You have learned well from Rosa's tactics of "arguing", I must say. But you're just as annoying.

red cat
19th February 2010, 20:56
You have learned well from Rosa's tactics of "arguing", I must say. But you're just as annoying.

What are you talking about? :confused:

StoneFrog
19th February 2010, 21:24
This has gotten a little out of hand, all i was asking is information from the trotskyists. This is exactly why i couldn't get a straight answer, too many people wanting to debunk other tendencies.



Maybe a few Trots can answer me a few questions:

-What exactly is meant by permanent revolution and how will that play out in modern times?
-What is the reasoning for a Vanguard party?
-Why do some Trotskyists support the transitional program and others dont, kinda looking for some reasoning, form both sides.


Thank you,
-Wn.M

Girl A
19th February 2010, 21:37
Argh, come on, I'm not a Trotskyist but this is the Learning forum. Can't the tendency wars stay off? Debates and discussions aren't necessarily bad but this isn't the place for an argument, just information... =\

Muzk
19th February 2010, 21:39
He started (http://www.revleft.com/vb/showpost.php?p=1676097&postcount=3)

back to topic..



-What exactly is meant by permanent revolution and how will that play out in modern times?
-What is the reasoning for a Vanguard party?
-Why do some Trotskyists support the transitional program and others dont, kinda looking for some reasoning, form both sides.

red cat
19th February 2010, 21:44
He started (http://www.revleft.com/vb/showpost.php?p=1676097&postcount=3)

back to topic..

No he didn't. Apparently he was also confused, like myself, by the existence of multiple historical lines. Trotskyites should make things clearer to those who want to learn.

The Ben G
19th February 2010, 22:38
Its awesome, thats what!

ChrisK
19th February 2010, 23:17
This wouldn't matter even if it where true, but its not, and this was acknoleged by Paul Avrich.



http://libcom.org/library/the-kronstadt-uprising-of-1921-by-lynne-thorndycraft


You didn't read what I said. I said that there were different people, not a change from workers to peasants. That part of the book is him showing that they were peasants both at the time of revolution and during the rebellion. Just different peasants.
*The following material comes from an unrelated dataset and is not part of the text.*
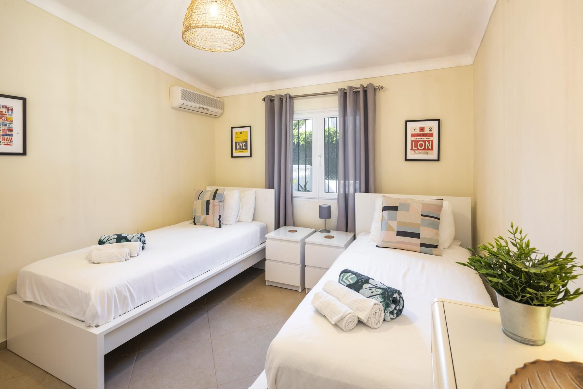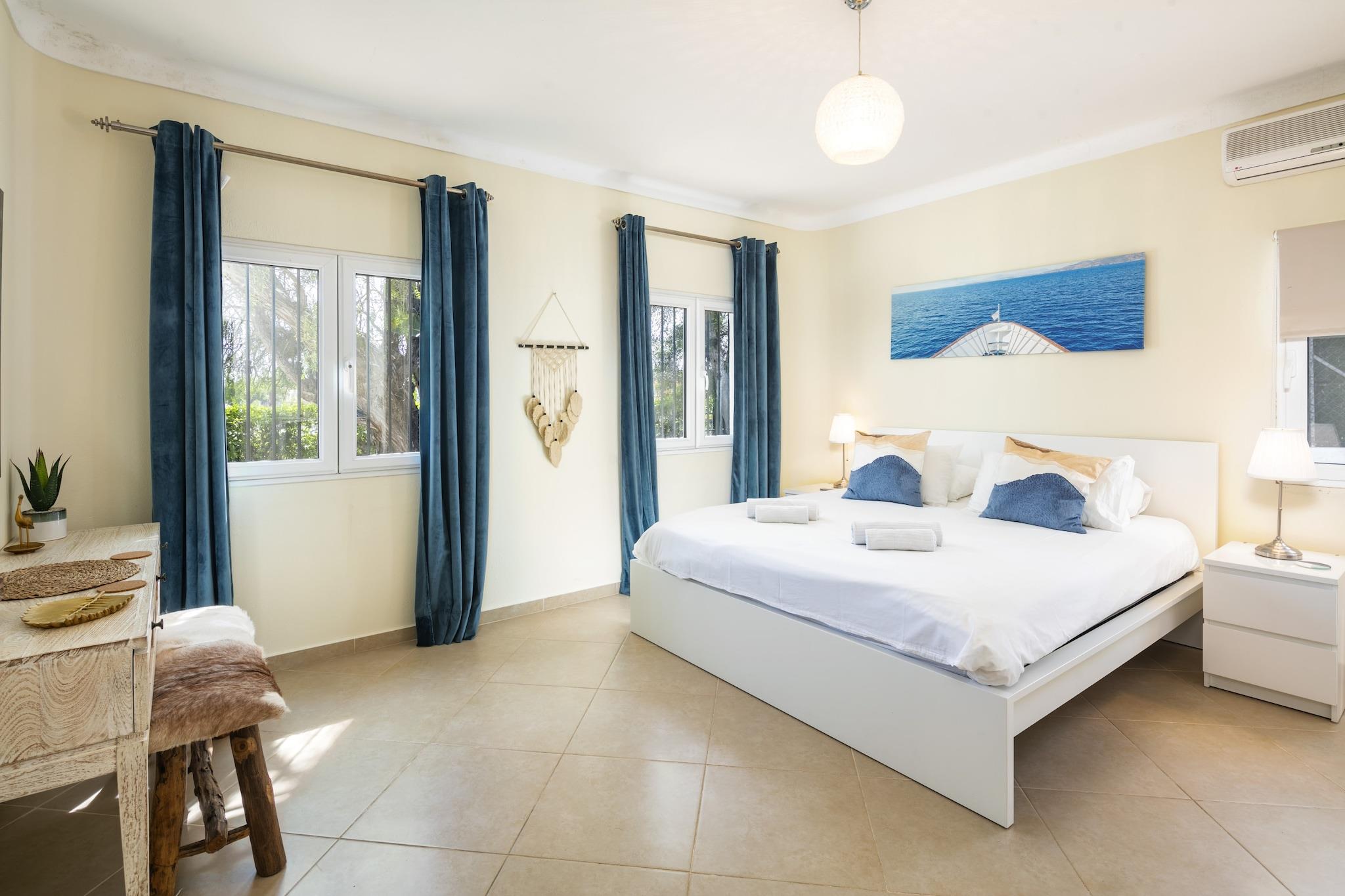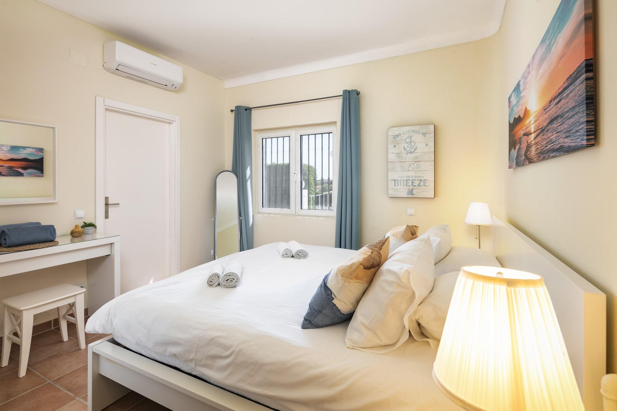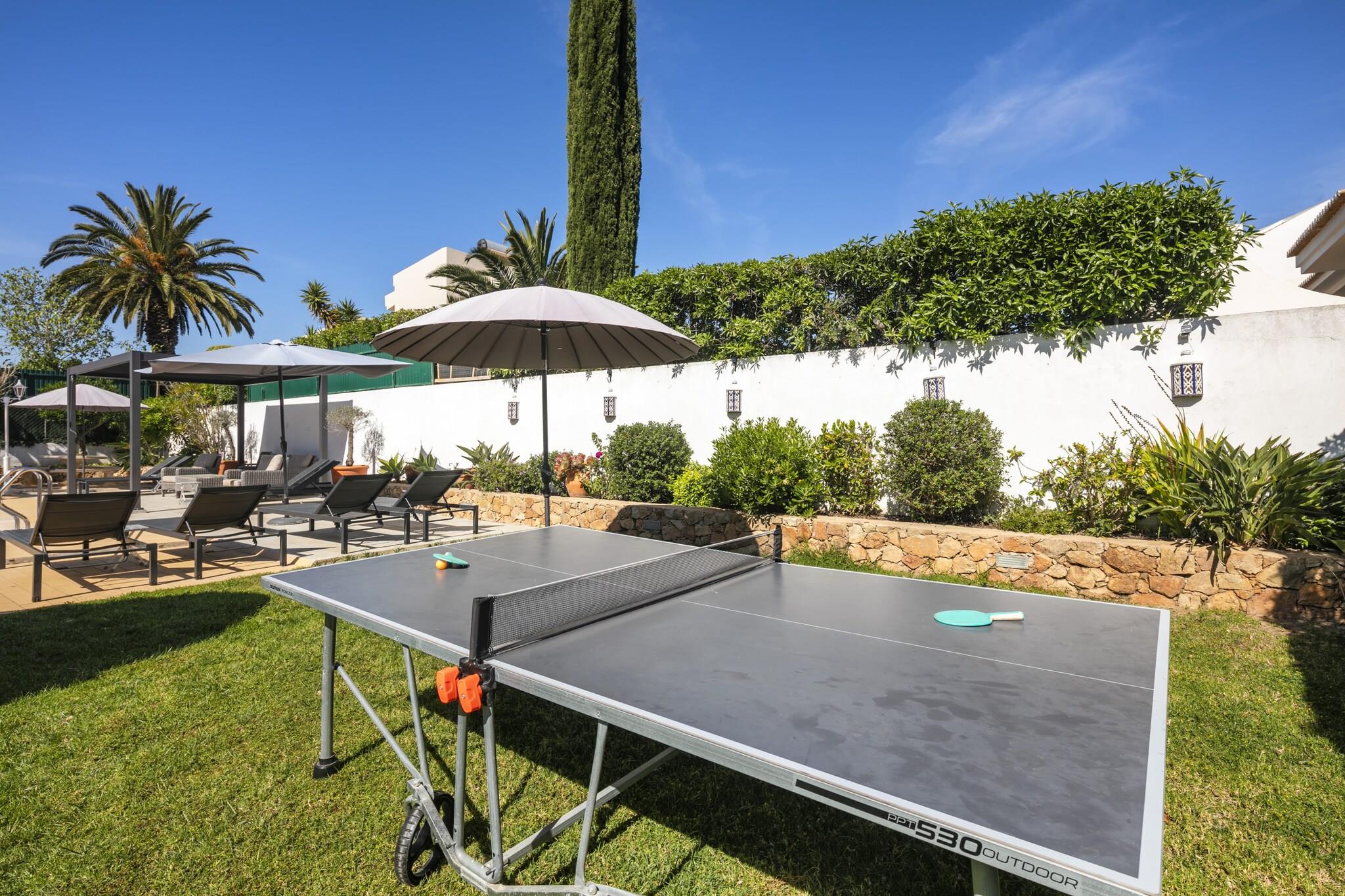 Oplev et ideelt familieferiested i denne fantastiske 5-værelses villa beliggende i den smukke kystby Carvoeiro, Algarve. Rummelig og gennemtænkt designet, denne bolig er perfekt til familier, par og venner, der søger en mindeværdig ferieoplevelse i Portugal. Med imponerende 240 kvadratmeter boligareal på en generøs 1.100 kvadratmeter grund, kan denne villa komfortabelt rumme op til 10 gæster. Træd udenfor for at nyde spektakulære udendørsrum, herunder en privat opvarmet saltvandspool (8m x 4m), en solterrasse og flere lounging-områder, ideelle til at slikke solen. Familier vil elske grillpladsen, havemøblerne og den indhegnede grund, der giver et trygt miljø for børn. Indendørs er komfort nøglen med centralvarme, aircondition og gulvvarme til nydelse året rundt. Underholdningsmulighederne omfatter et smart-tv med flere kanaler, et stereoanlæg og et bordtennisbord til familiehygge. Villaen ligger blot 1,3 km fra de fantastiske strande Praia do Carvoeiro og Praia do Paraíso og tilbyder nem adgang til kystattraktioner. Nærliggende faciliteter, herunder supermarkeder, restauranter og golfbaner, forbedrer din oplevelse. Yderligere funktioner omfatter gratis WiFi, strandudstyr, udendørs bruser og en pejs til hyggelige aftener. Med privat parkering til 3 køretøjer og en fremragende beliggenhed lover denne villa en uforglemmelig ferie i Algarve. Bemærk venligst: Husdyr er ikke tilladt, og ejendommen er ikke egnet til ungdomsgrupper. Rygning indenfor er forbudt.

I think this was a lie made up by the bolsheviks to justify there attack

There are documents to back this up. I've got to go to work soon, but I'll post them tonight.



the NEP was planed well before the Kronstadt uprising.

But it could have been implemented and planned well before things reached the boiling point.

ChrisK
19th February 2010, 23:22
Q says the dictatorship started from 1918. So I suspect that Lenin and Trotsky must have master-minded imposing this dictatorship.

Muzk isn't Q, their opinions differ. And no, the dictatorship started around 1924 with Stalin beginning his consolidation of power and reached fruition around 1928.

ChrisK
19th February 2010, 23:33
-What exactly is meant by permanent revolution and how will that play out in modern times?

A permanent revolution is an argument that underdeveloped countries can start a communist revolution, that will spark a world wide revolution. It agrues that the revolution in the underdeveloped country won't create socialism until industrialized nations have a revolution and help industrialize the underdeveloped one.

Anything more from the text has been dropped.